We identified 2 002 000 patients who received outpatient 13 197 067 H₂RA prescriptions during the study period. Supplementary Table S4 (available as Supplementary data at IJE online) shows the proportion for each type of H₂RA.

Among a random subset (N = 405 137), we included 1889 patients who had both exposure to H₂RA and MI within the observation period. Their mean age (SD) at cohort entry was 61.2 (13.8) years. Men accounted for 69% of the study cohort. Supplementary Table S2 shows the health characteristics of H₂RA users on the prescription start date. In general, they were less likely to have comorbidities and cardiovascular drugs issued in the past 6 months, compared with PPI users. Supplementary Table S4 shows patterns of days of supply for prescription, observation period, risk periods and baseline periods among H₂RA users, which were similar to those of PPI users. Similarly, we observed a higher risk of MI associated with H₂RA during Days 1–14 (IRR: 2.46, 95% CI: 1.92–3.16) (Figure 1 and Table 1), but it did not persist during Days 15–30 (IRR: 1.04, 95% CI: 0.72–1.48). A marginal higher risk of MI associated with H₂RAs was observed during Days 31–60 (IRR: 1.33, 95% CI: 1.04–1.70) vs baseline. A lower risk of MI associated with H₂RAs was found in the pre-exposure period vs baseline (IRR: 0.22, 95% CI: 0.10–0.49).

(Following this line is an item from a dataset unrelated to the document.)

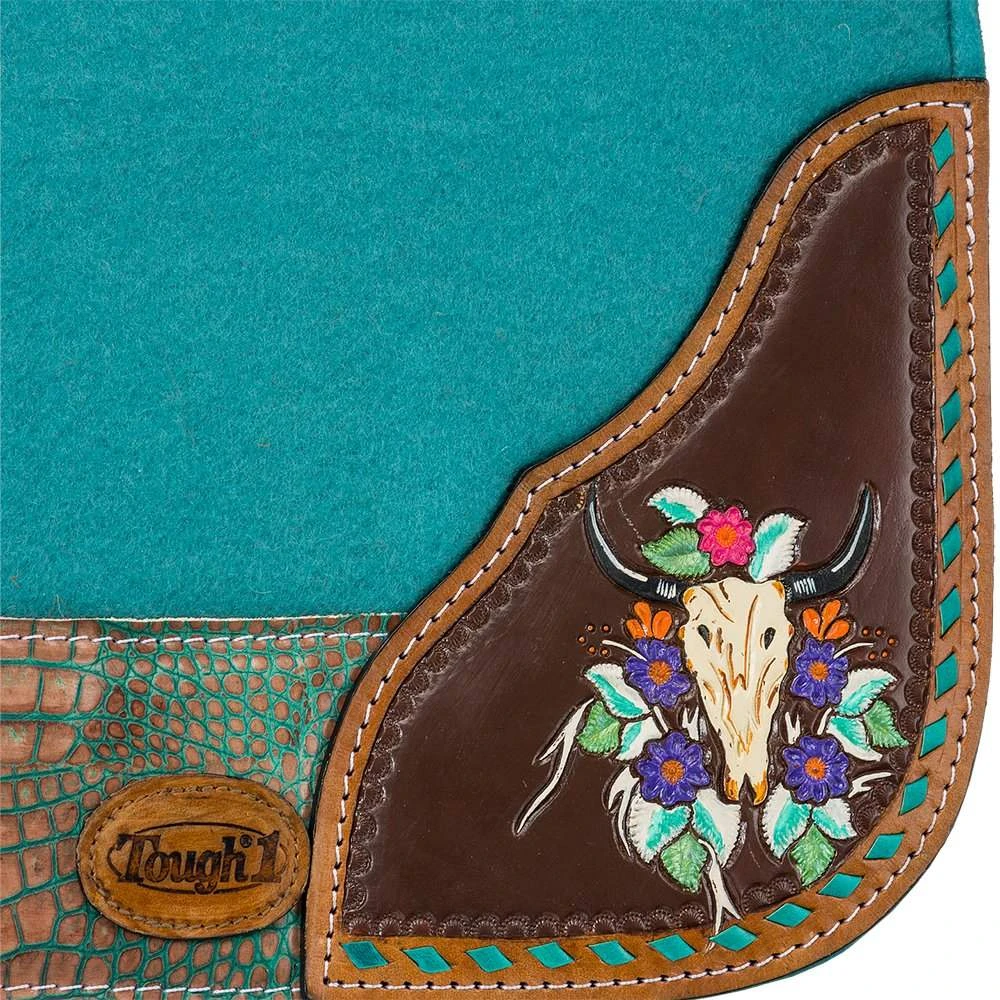 Bright aqua felt is accented with brown/aqua faux croc wear leathers and hand tooled steer skull design on leather corners and wither. Aqua buckstitch highlights the hand painted design 31β x 32β

Novel active comparator analyses

Using the simple ratio method, we observed no difference in comparator-adjusted estimates for PPIs (IRR: 0.93, 95% CI: 0.57–1.30) during Days 1–14 vs baseline (Figure 1 and Table 2). Using the effect modifier approach, we also observed no difference in risk of MI associated with PPIs (IRR: 0.83, 95% CI: 0.58–1.20) during Days 1–14 vs baseline. Similar to the conventional SCCS, we observed no difference in risk of MI associated with PPIs in all other pre-specified risk periods compared with baseline.

Table 2.

Novel self-controlled case series using active comparators.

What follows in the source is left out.